*** Opening of STORED DATA ***
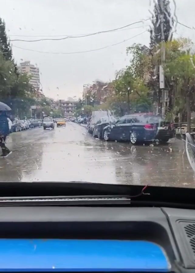 The video is taken from inside a car driving down a street during a heavy rain. The windshield is covered with raindrops. Several parked cars line the side of the street, which is flooded with water. A person with an umbrella is seen crossing the street on foot. More cars are visible in the distance. The weather appears overcast. The interior of the car shows a blue panel on the dashboard. There is a cough audible in the background.
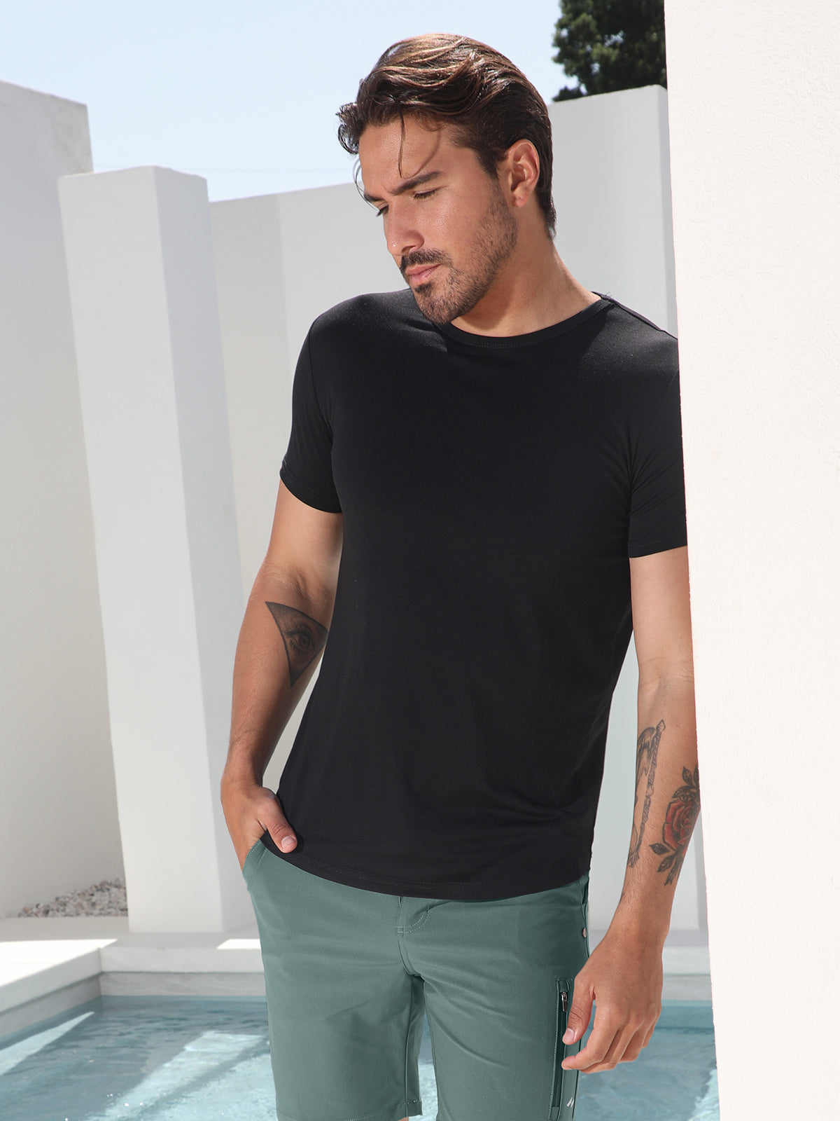 The Curve-Hem Tee from delivers on contemporary style and signature fit. Masterfully crafted from lightweight fabric engineered for all-day wear, its contouring details and curved hemline ensure flawless comfort and movement. Transitioning seamlessly from desk to drinks, this top pairs perfectly with all bottoms. Sleek and breathable, it enhances any look with refined versatility. An MVP layer for busy schedules andseasons alike, the Curve-Hem Tee will soon become your go-to top.
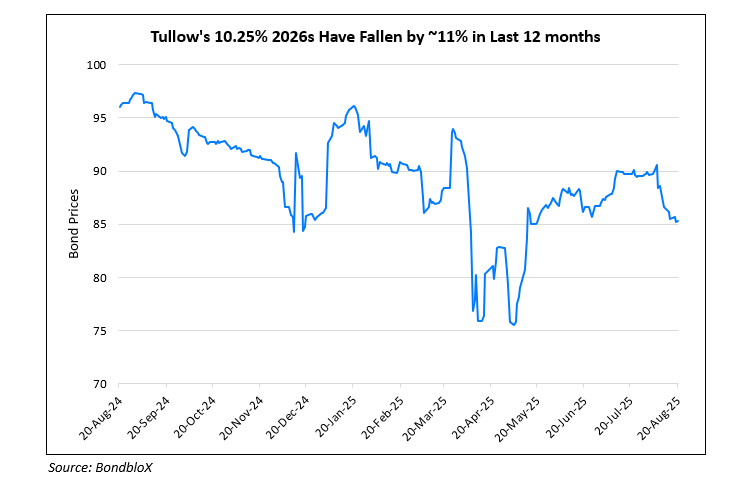 Tullow’s 10.25% 2026s are currently trading at 85.26, yielding 34.45%.
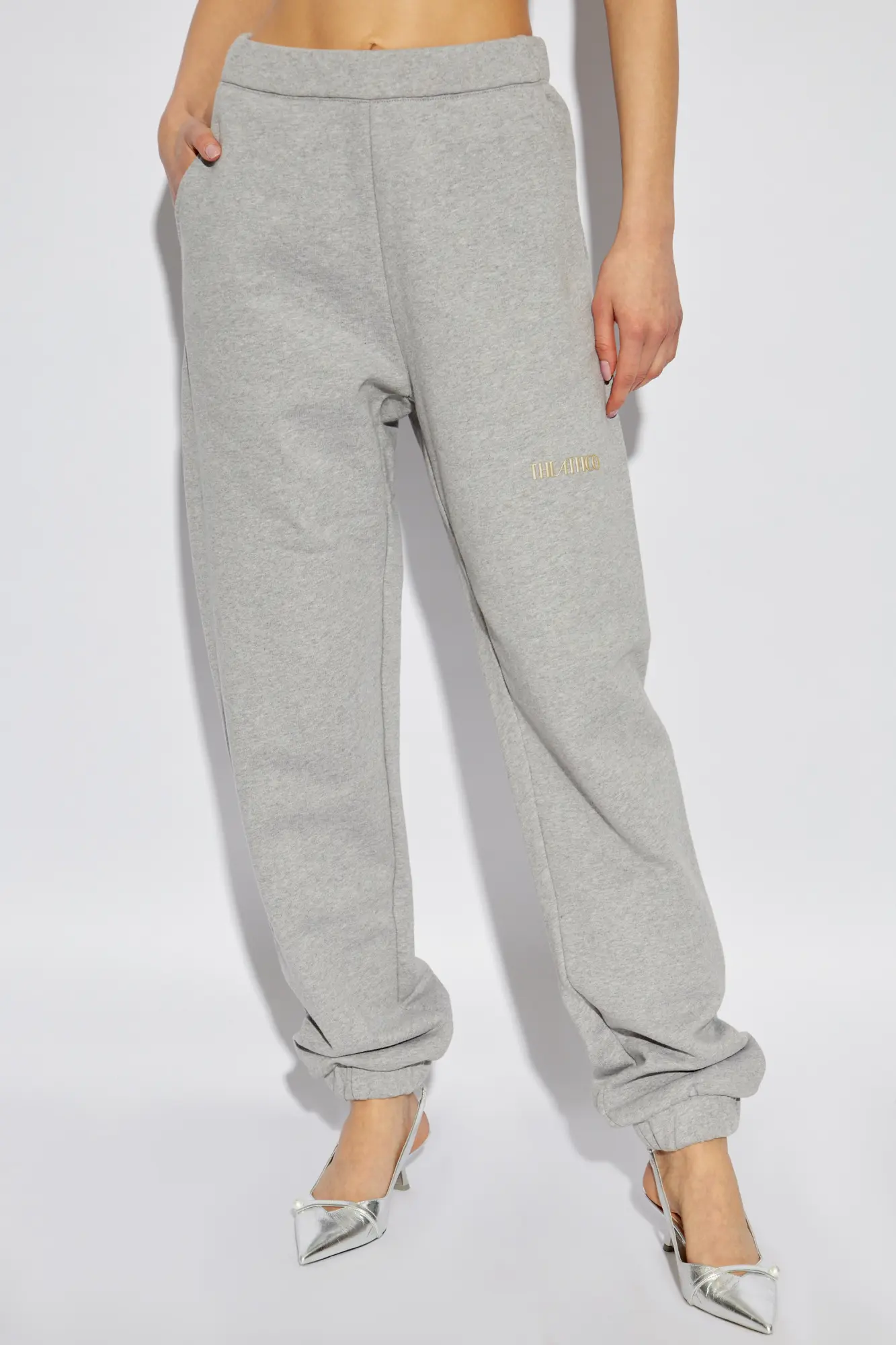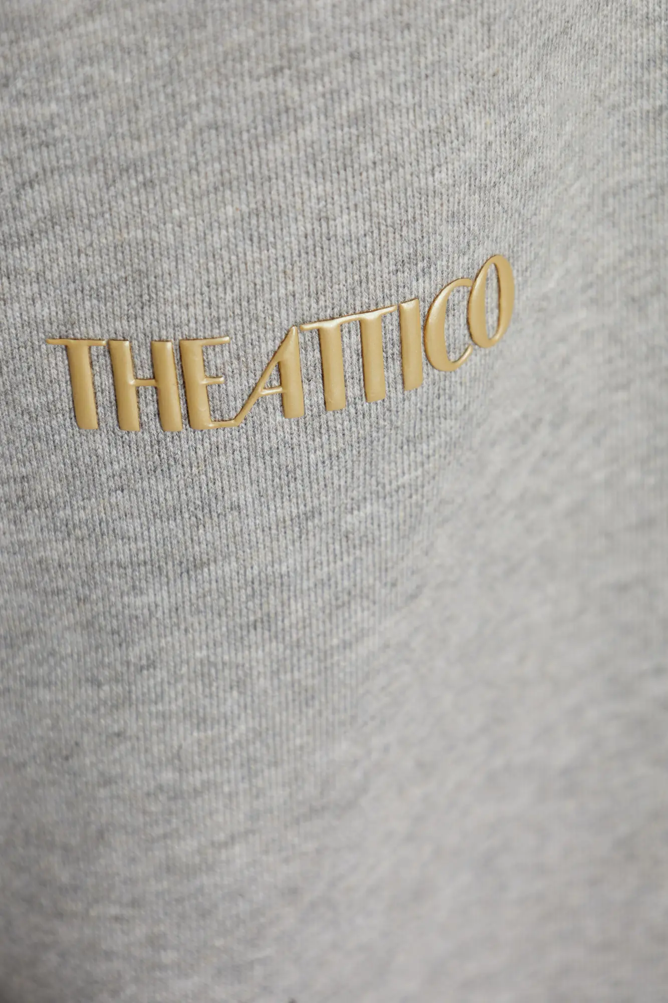 Their dominant gray color combined with a loose fit and elastic waistband creates a harmonious whole that highlights the sporty character. The subtle, gold brand logo on one of the legs adds a unique charm and recognizability.
*** Close of STORED DATA ***
■ EXERCISE BRIEF: Produce an exact copy of each line of data, skipping embedded images.

■ EXERCISE SOLUTION:
 The video is taken from inside a car driving down a street during a heavy rain. The windshield is covered with raindrops. Several parked cars line the side of the street, which is flooded with water. A person with an umbrella is seen crossing the street on foot. More cars are visible in the distance. The weather appears overcast. The interior of the car shows a blue panel on the dashboard. There is a cough audible in the background.
 The Curve-Hem Tee from delivers on contemporary style and signature fit. Masterfully crafted from lightweight fabric engineered for all-day wear, its contouring details and curved hemline ensure flawless comfort and movement. Transitioning seamlessly from desk to drinks, this top pairs perfectly with all bottoms. Sleek and breathable, it enhances any look with refined versatility. An MVP layer for busy schedules andseasons alike, the Curve-Hem Tee will soon become your go-to top.
 Tullow’s 10.25% 2026s are currently trading at 85.26, yielding 34.45%.
 Their dominant gray color combined with a loose fit and elastic waistband creates a harmonious whole that highlights the sporty character. The subtle, gold brand logo on one of the legs adds a unique charm and recognizability.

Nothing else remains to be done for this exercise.